The HKMA announced that the first quarter investment income of the Exchange Fund was HKD 120.9 billion, the highest in a single season since records began. In the fourth quarter of last year, it recorded a loss of HKD 33.6 billion. It rose by 2.5 times year-on-year. The performance in the first quarter was mainly driven by stock investment. The investment income of Hong Kong stocks was HKD 20.8 billion, up by 11.2 times year-on-year. Other stocks also earned HKD 49.9 billion.

Bond investment income was HKD 36.7 billion, up by 5.7 times year-on-year. However, foreign exchange investment income fell by 49% to HKD 13.5 billion. Eddie Yue, Deputy Chief Executive of the HKMA, said that the market sentiment in the first quarter was good, the Fed’s monetary policy turned, the China-US trade negotiations were progressing, financial market and global stock markets rebounded sharply, including US stocks, Hong Kong stocks and the mainland stock market.

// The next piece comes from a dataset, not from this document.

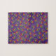 Des panneaux de paix colorés éparpillés contre un arrière - plan violet.
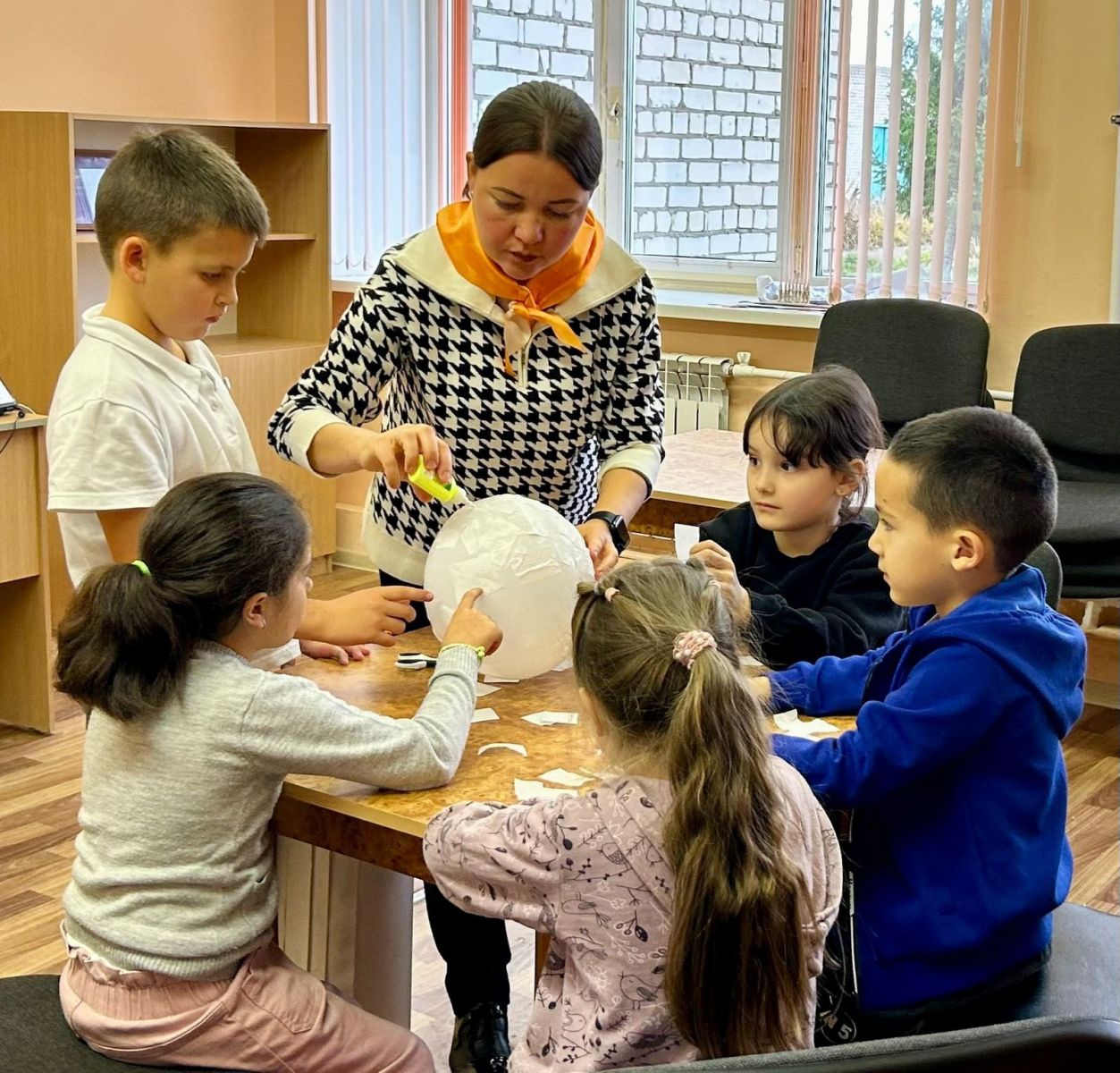 Ко Дню народного Единства советник директора по воспитанию и взаимодействию с детскими общественными объединениями Гимадиева Г.К. совместно с ребятами, посещающими пришкольный лагерь, организовала графический флешмоб «Шар дружбы». В рамках мероприятия, участники создали шар из папье-маше с рисунками, иллюстрирующими всё культурное многообразие народов России.

Chief Executive Norman Chan said that the stock market performance is based on the assumption that the market will reach an agreement on China-US trade war. If the two sides fail to reach an agreement, the stock market will have a strong reaction, which will affect the performance of the Exchange Fund in the second and third quarter, but emphasise that everyone should pay attention to long-term income.

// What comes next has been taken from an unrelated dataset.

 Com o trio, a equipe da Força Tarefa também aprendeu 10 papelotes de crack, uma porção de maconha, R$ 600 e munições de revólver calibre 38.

Norman Chan also said that if the trade negotiations fails, it will be a lose-lose situation, and all trading partners will be affected. However, as to whether the United States will impose tariffs on Hong Kong, Norman Chan believes that there is a trade deficit between Hong Kong and the United States, so there is not much reason to impose tariffs.

As for the property market, Norman Chan said that the overheating situation still exists. Although there was a correction in last year, it has stopped falling and rebounded this year. The future trend is still unpredictable. The authorities will adjust the counter-cyclical measures in response to the property market.